Dodgers’ offense explodes in historic rout over Braves in Game 3 of NLCS
The Dodgers asserted that anxiety was absent in their clubhouse before Game 3 of the National League Championship Series. They faced an 0-2 series deficit but said the mood was light. They cracked jokes. They remained calm. They were confident their superior depth would emerge. The team with the best record in the regular season was poised to pounce.
“We weren’t worried about anything,” first baseman Max Muncy said. “And tonight, we went out and showed what we can do.”
Riding the wave of a seven-run burst over the final three innings of Game 2, the Dodgers erupted for a record-setting 11 runs in the first inning Wednesday to launch a 15-3 rout.
The Dodgers had seven hits, three home runs and three walks in the 32-minute first-inning demolition.
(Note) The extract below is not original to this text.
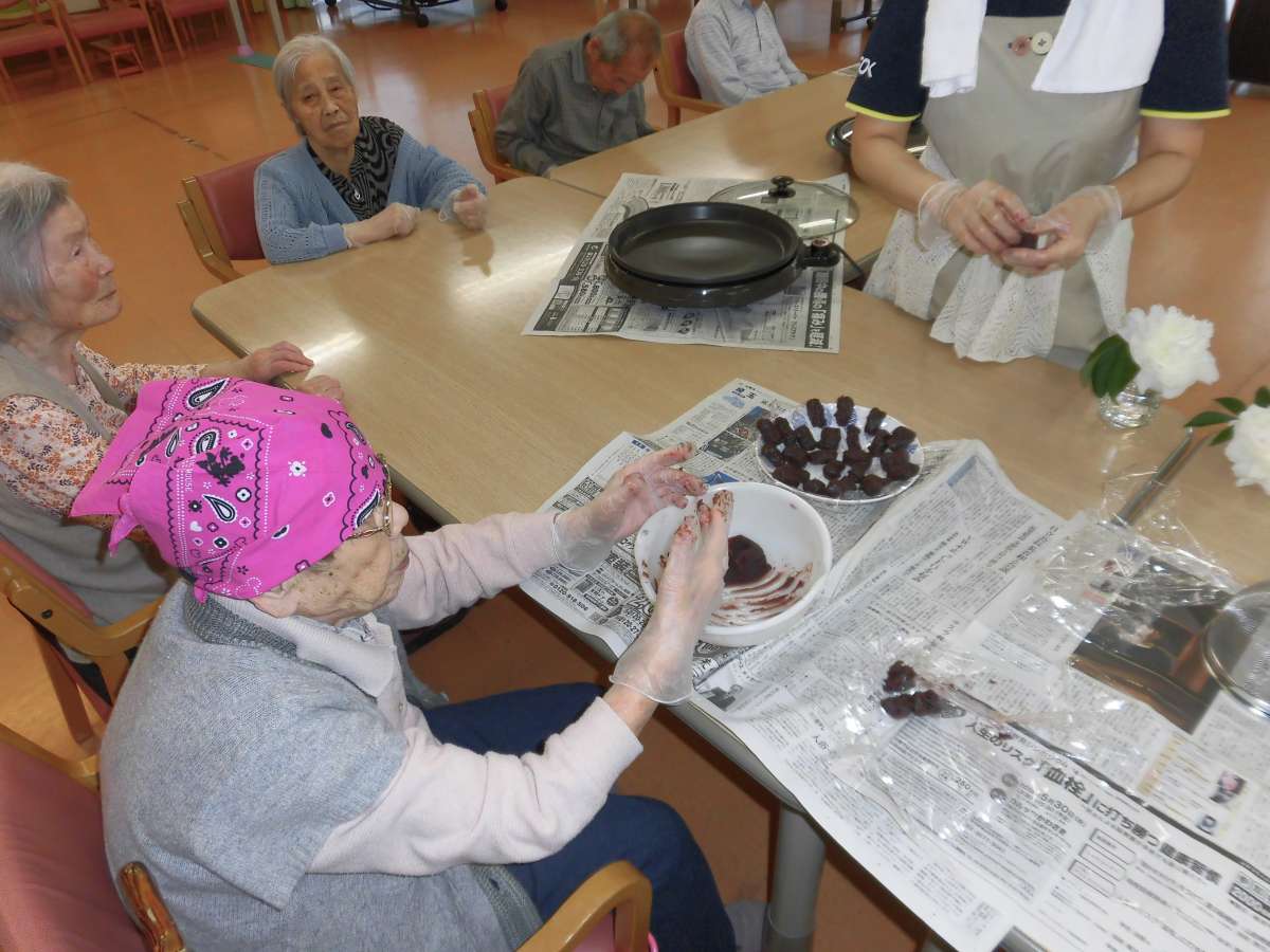 5月5日は子供の日。それにちなんで、レクにて、柏餅風クレープを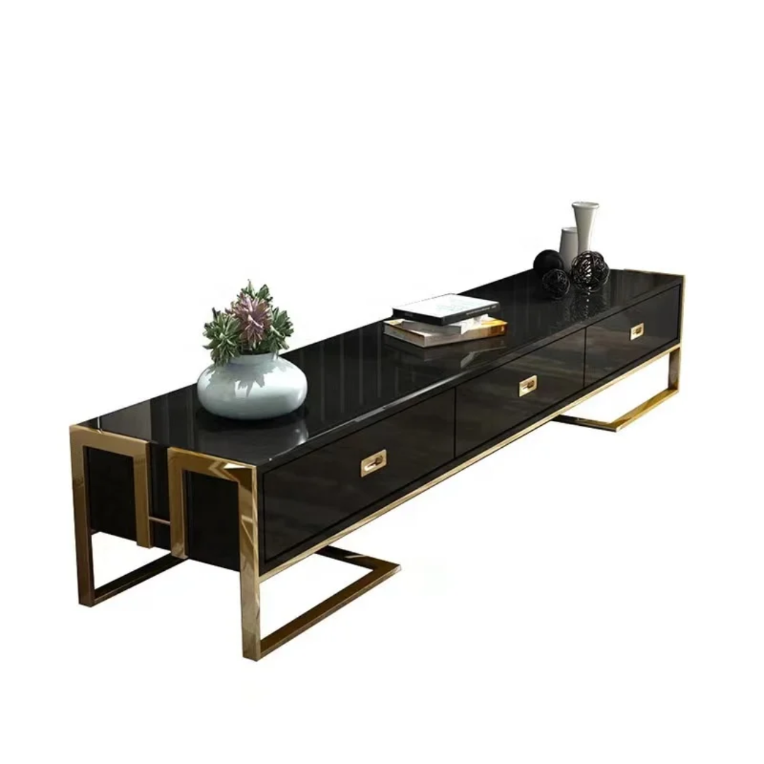 Furaha Finds Modern Black Glass TV Stand with Gold Frame and Storage Drawers

Every player in starting lineup scored. The 11 runs were the most ever scored in a postseason inning. They produced 10 of them with two outs. Their 18 total bases set another record. Their five extra-base hits tied for the most in playoff history.
Then they added four runs in the next two innings to become the first team to score 15 runs in the first three innings of a postseason game.
“Some of the momentum from last night, the last inning, definitely carried over,” left fielder Joc Pederson said. “And it got us feeling a little bit more comfortable at the plate. It was fun to be part of.”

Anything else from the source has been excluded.